Estimated reading time — 4 minutes
I think it’s cute how my daughter, Ryan, has such a vivid imagination. She always thanks me for carrying her to bed after she falls asleep on the couch. But I never do that, so I just figure that she wakes up, very sleepily, and walks herself to bed whenever this happens.
Late tonight, Ryan and I are watching a movie. Normally, I don’t let her stay up very late, but since it’s the summer, what harm could it do?
Lo and behold, we both fell asleep, Ryan on the couch, and I on the armchair. I awake and glance over at the clock, which reads 2:47 am. I reach over to the remote control and shut the television off.
“Ryan, time for bed,” I say groggily. No response. I tilt my head to get a better view of the couch, and alas, there’s no Ryan. I head upstairs to go into her bedroom, just to make sure she’s asleep.
I push the door open and flip the switch. Ryan rolls over, and looks at me, slightly confused.
“You woke me up,” she says, “thank you for carrying me, Mom.”
“I didn’t, Ry. You woke yourself up and walked to your room, silly.”

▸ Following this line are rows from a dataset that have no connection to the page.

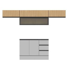 Cozinha Modulada 5 Peças 4 Aéreos 1 Balcão Nara Cabecasa Madeiramadeira Avena/Cinza Claro - Marrom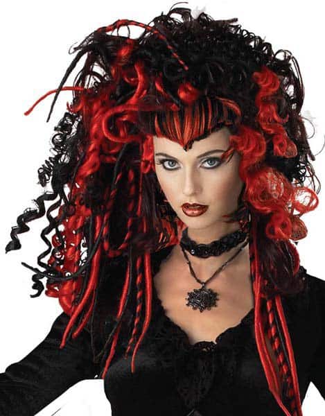 Black Widow Wig,red and black wig with fringe,curls and dreadlocks.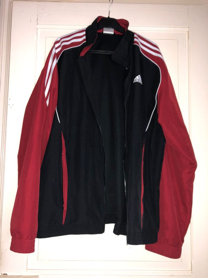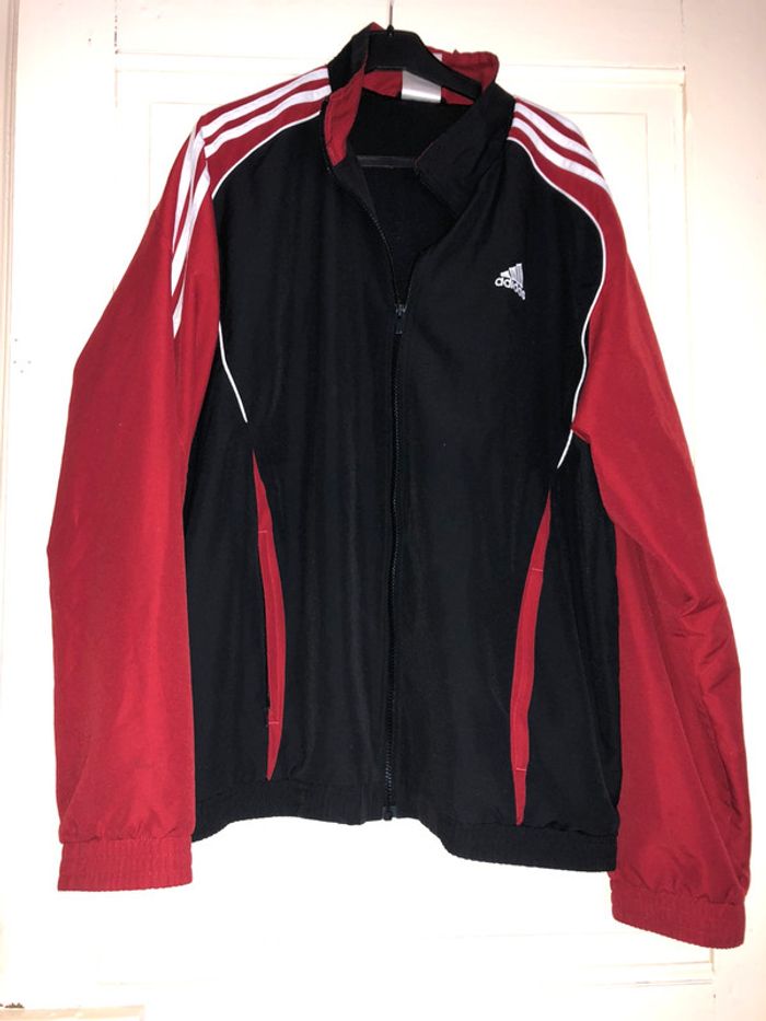 Veste Adidas noir et rouge en très bon état de taille L (192cm), taille un peu grande peu correspondre à un XL N’hésitez pas pour plus d’informations et à faire des lots 🌸 #audreybtailleL

“No I didn’t… you carried me. I woke up when we were on the stairs, and saw your arms underneath my legs.” I froze. I know she has a stretched imagination, but this was too eerie for me. I try to put some logic into the situation by labeling one of us as sleepwalkers. No big deal, tomorrow, I’m going to buy a camera for the living room and see who the sleepwalker in this family is.
Tomorrow comes, and I have just purchased a camera. I charge it all day so that I’m ready for nightfall. Once charged, the camera is placed on a side table so that there’s a decent view of most of the living room and the archway that leads to the stairs. Perfect!
Night comes, of course, and Ryan is sitting on the couch, ready to watch her favorite show, Spongebob Squarepants.
“Have fun with your Spongebob marathon, Ryan. I’m going to bed.”
“Okay, good night!”
Before I leave for my bedroom, I turn the camera on. The recording light is on, so that’s my cue to head for bed.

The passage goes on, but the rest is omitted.